The lines from the one containing "Rungion Fairy Shell" through the last one in the data: please copy those exactly, and only those, without the pictures.

_DATA_:
⁂

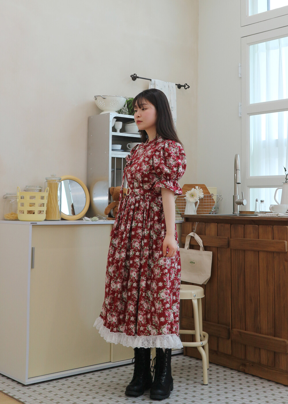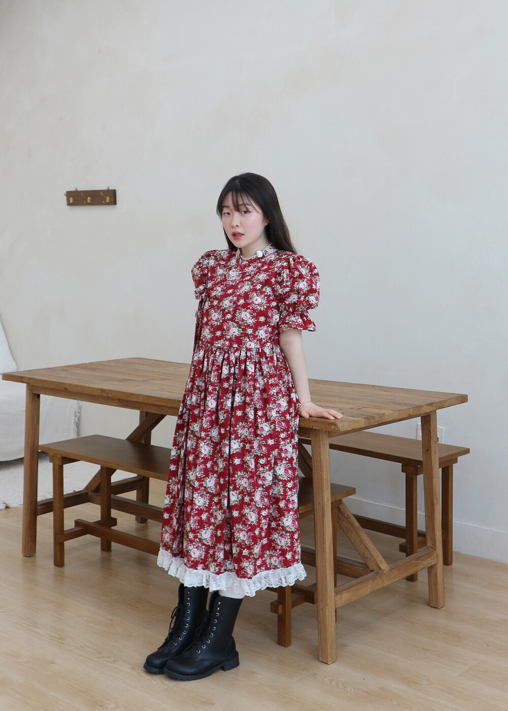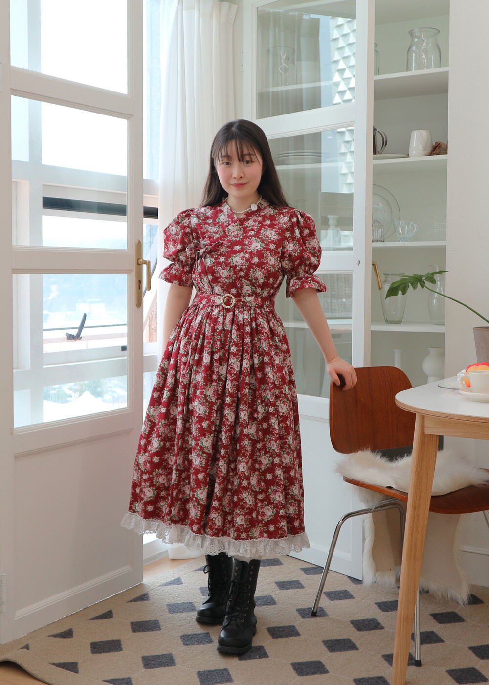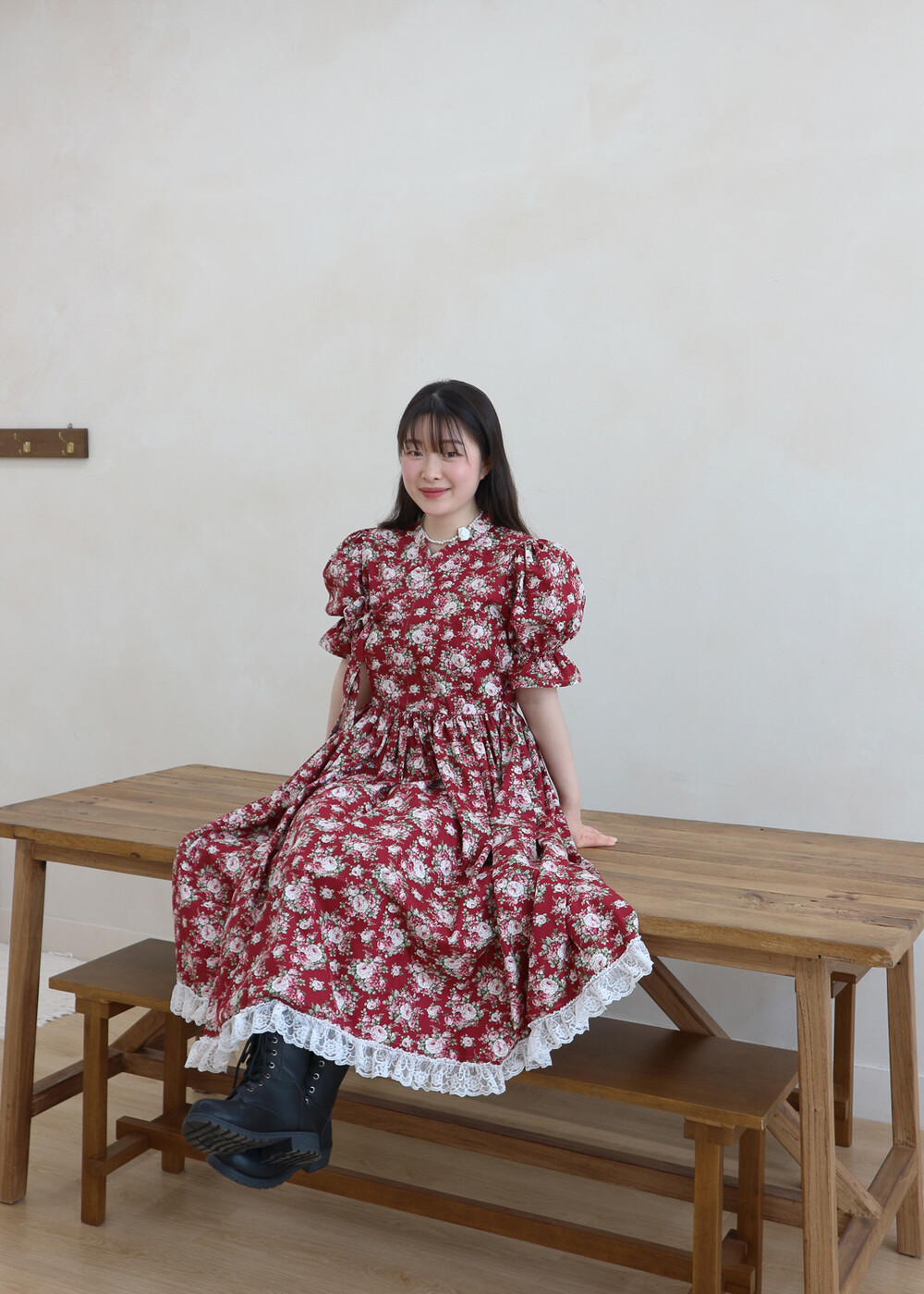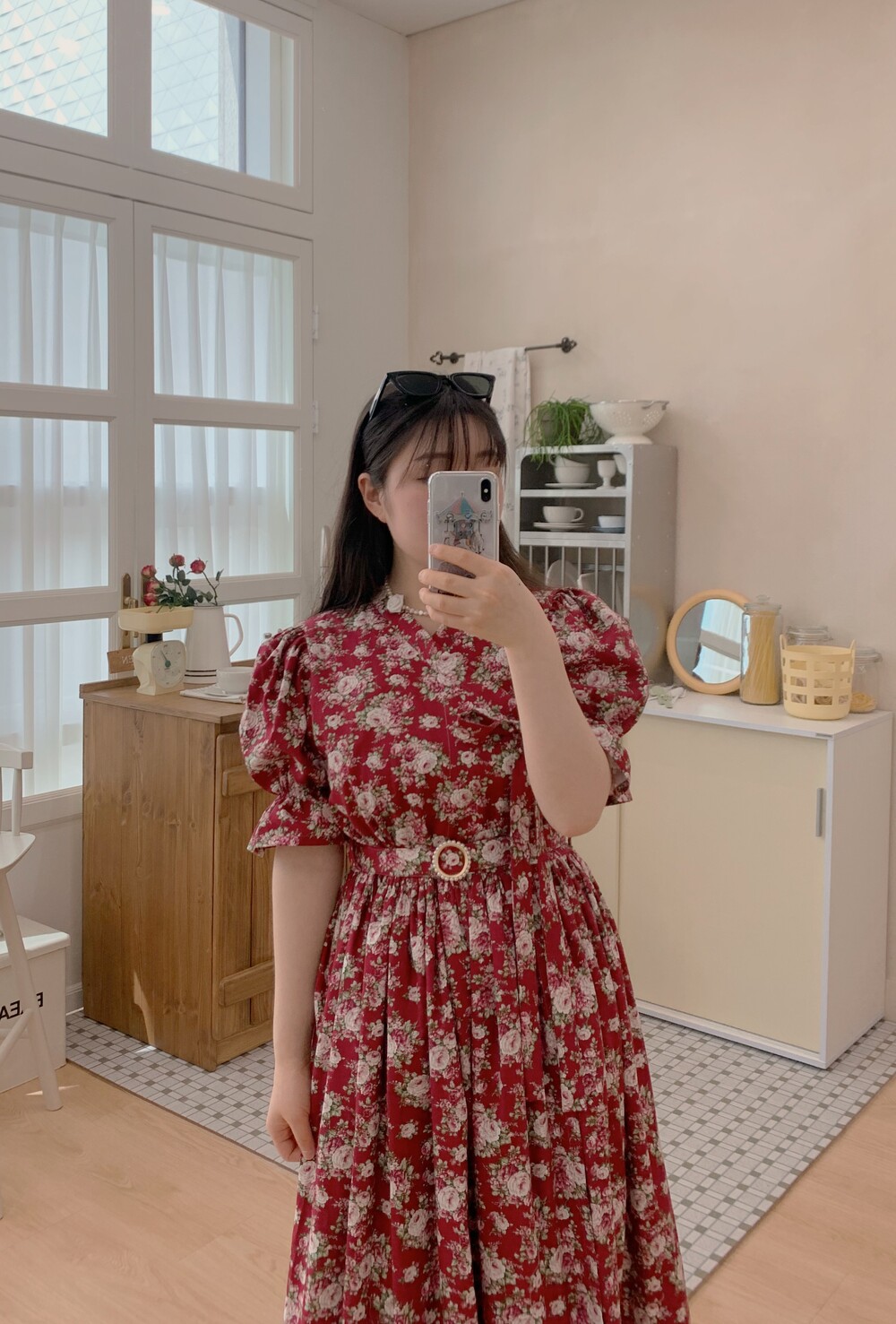 진한색감의 플라워 패턴으로 제작 된 원피스입니다.
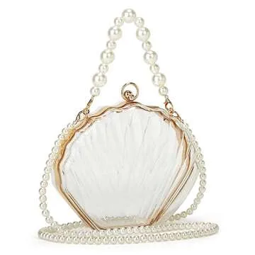 Rungion Fairy Shell Purse Elegant Evening Bag Clear Handbag with Pearls
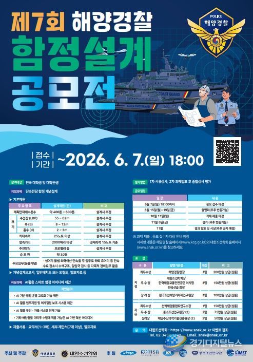 경기디지털뉴스 마성숙 기자 | 해양경찰청은 국민 참여형 공모전인 '제7회 해양경찰 함정설계 공모전'을 개최한다고 밝혔다.

⁂

_OUTPUT FOR THIS EXERCISE_:
 Rungion Fairy Shell Purse Elegant Evening Bag Clear Handbag with Pearls
 경기디지털뉴스 마성숙 기자 | 해양경찰청은 국민 참여형 공모전인 '제7회 해양경찰 함정설계 공모전'을 개최한다고 밝혔다.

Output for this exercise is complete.